I am looking at a paper which writes the spatial components of a vector $S_i$ in terms of spherical polar coordinates w.r.t the local tetrad frame as (Eq 33 in the linked paper),

$$ S_1 = s \sin \theta \cos \phi, S_2 = -s \cos \theta , S_3 = s \sin \theta \sin \phi$$

Now, intuitively, I think of $S_{1,2,3}$ as corresponding to the $x,y,z$ components of the vector.

If this is correct I would then expect $S_2 = s \sin \theta \sin \phi$ and $S_3 = s \cos \theta$, in accordance with the usual definition of spherical coordinates.

Why are the $S_2, S_3$ components 'switched' in this way?


  • $\begingroup$ There's more than one convention for how to write spherical components, as noted correctly at the Wikipedia entry that you linked.

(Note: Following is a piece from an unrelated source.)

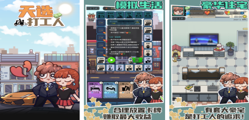 离开学校之后就需要踏入职场,并不是每一个人都能成为优秀的打工人,可以通过天选打工人这个游戏开启一段真实的打工模拟,在这里会有各种不同的职业可以让玩家选择,除了要选择一个自己喜欢的主职业之外,还需要合理的安排时间,这样才能通过副业让自己有更多的收益,在里面需要合理的放置卡牌,这样才能让收益最大化。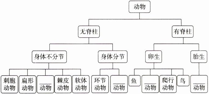 【解析】:本题主要考察对动物分类知识的掌握。第一小问:动物的分类除了要比较外部形态结构,如动物的体型、颜色、附肢等特征,还要比较它们的生理功能,如消化方式、呼吸方式、循环方式等,以及生殖方式,如卵生、胎生等。第二小问:根据动物的身体是否分节、有无脊柱以及生殖方式等特征进行分类。在无脊柱动物中,身体不分节的动物除了刺胞动物、扁形动物外,还有线形动物;在无脊柱动物中,身体分节的动物有环节动物和节肢动物;在有脊柱动物中,卵生动物除了鱼类、爬行动物、鸟类外,还有两栖动物;在有脊柱动物中,胎生的是哺乳动物。

Is it explained by that alone? (I haven't dug into the paper that you referenced to try to trace it through.) $\endgroup$
    – Brick
    Aug 5, 2019 at 16:35
  • $\begingroup$ Unfortunately, no $\endgroup$ Aug 6, 2019 at 17:17

1 Answer 1


I did not have a look at the paper you referenced.

But, the coordinates they use make sense. This is a right-handed coordinate system. It looks like the following one where $\vec{S}=(S_1, S_2, S_3)$ with $s=|\vec{S}|$:

enter image description here

You should understand why they use this choice of angles. But, this is a "normal" spherical coordinate system.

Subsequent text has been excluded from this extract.